* [Description of the task]
Without the images, print all the entries below exactly as given.

* [Data extracts]
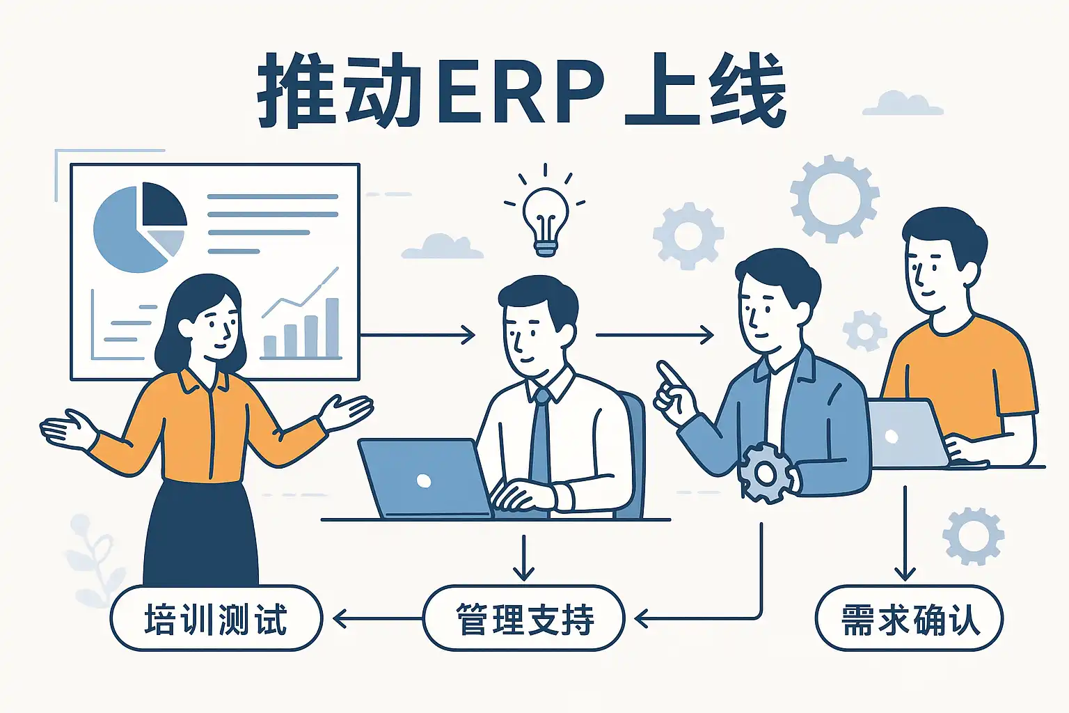 推动ERP上线需要科学规划和多方协同,关键步骤包括:
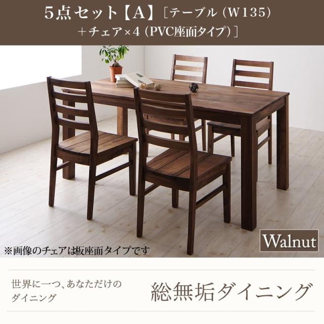 5点(机+チェア4脚)ウォールナット板座×PVC座幅135
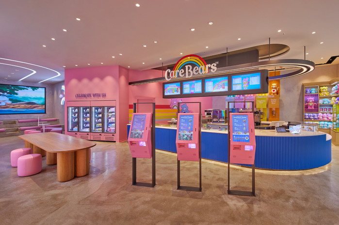 서현로데오점은 케어베어의 알록달록한 색상에서 영감을 얻은 ‘레인보우 원더랜드(Rainbow Wonderland)’ 콘셉트를 적용, 케어베어 곰돌이들과 함께 무지개를 타고 떠나는 환상적인 모험을 시각적으로 구현했다.
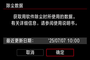 - 拍摄照片后,相机将开始收集除尘数据。获取除尘数据后,会出现一条信息。
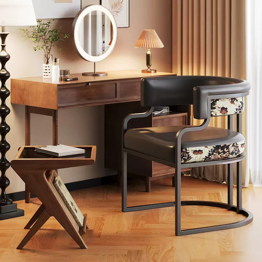 Vintage Style Makeup Chair - Elegant Black Dressing Chair for Home Use, Perfect for Girls' Bedrooms and Nail Salons, Ideal Customer Seating with a Touch of Luxury
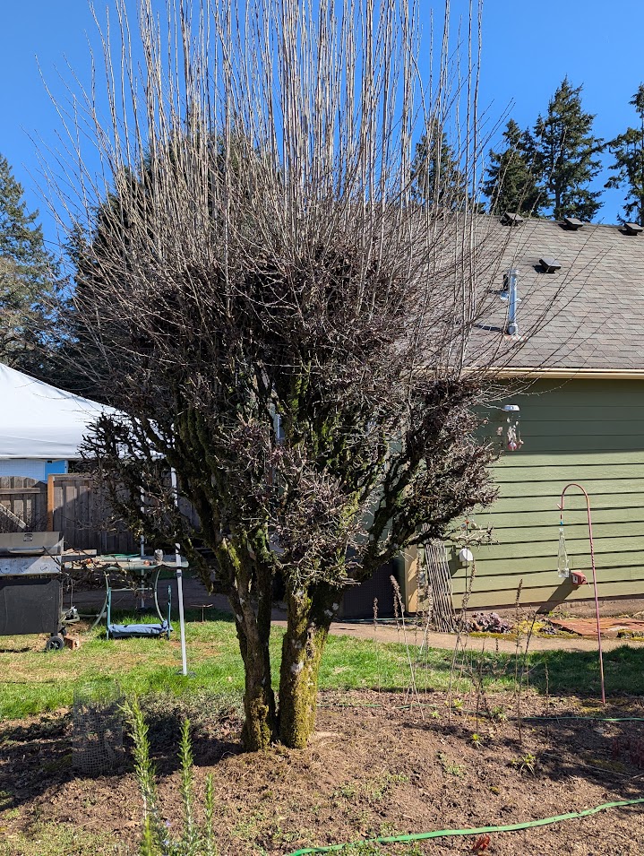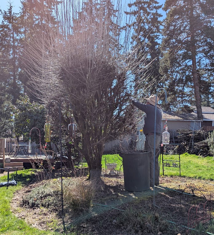 I hacked my poor hydrangea back by at least two feet. It used to be planted under the pine tree (Nature rest its branches and rotting roots). The pine tree fell over some seven or eight years ago. The hydrangea is now in full sun, and summers have heated up the past five or six years. I have covered it with umbrellas, sheets, and tablecloths, but it still gets sunburned. The flowers fade too quickly. It has grown spindly. I could either kill it outright or prune it way back and see if it survives.

* [Task output]
 推动ERP上线需要科学规划和多方协同,关键步骤包括:
 5点(机+チェア4脚)ウォールナット板座×PVC座幅135
 서현로데오점은 케어베어의 알록달록한 색상에서 영감을 얻은 ‘레인보우 원더랜드(Rainbow Wonderland)’ 콘셉트를 적용, 케어베어 곰돌이들과 함께 무지개를 타고 떠나는 환상적인 모험을 시각적으로 구현했다.
 - 拍摄照片后,相机将开始收集除尘数据。获取除尘数据后,会出现一条信息。
 Vintage Style Makeup Chair - Elegant Black Dressing Chair for Home Use, Perfect for Girls' Bedrooms and Nail Salons, Ideal Customer Seating with a Touch of Luxury
 I hacked my poor hydrangea back by at least two feet. It used to be planted under the pine tree (Nature rest its branches and rotting roots). The pine tree fell over some seven or eight years ago. The hydrangea is now in full sun, and summers have heated up the past five or six years. I have covered it with umbrellas, sheets, and tablecloths, but it still gets sunburned. The flowers fade too quickly. It has grown spindly. I could either kill it outright or prune it way back and see if it survives.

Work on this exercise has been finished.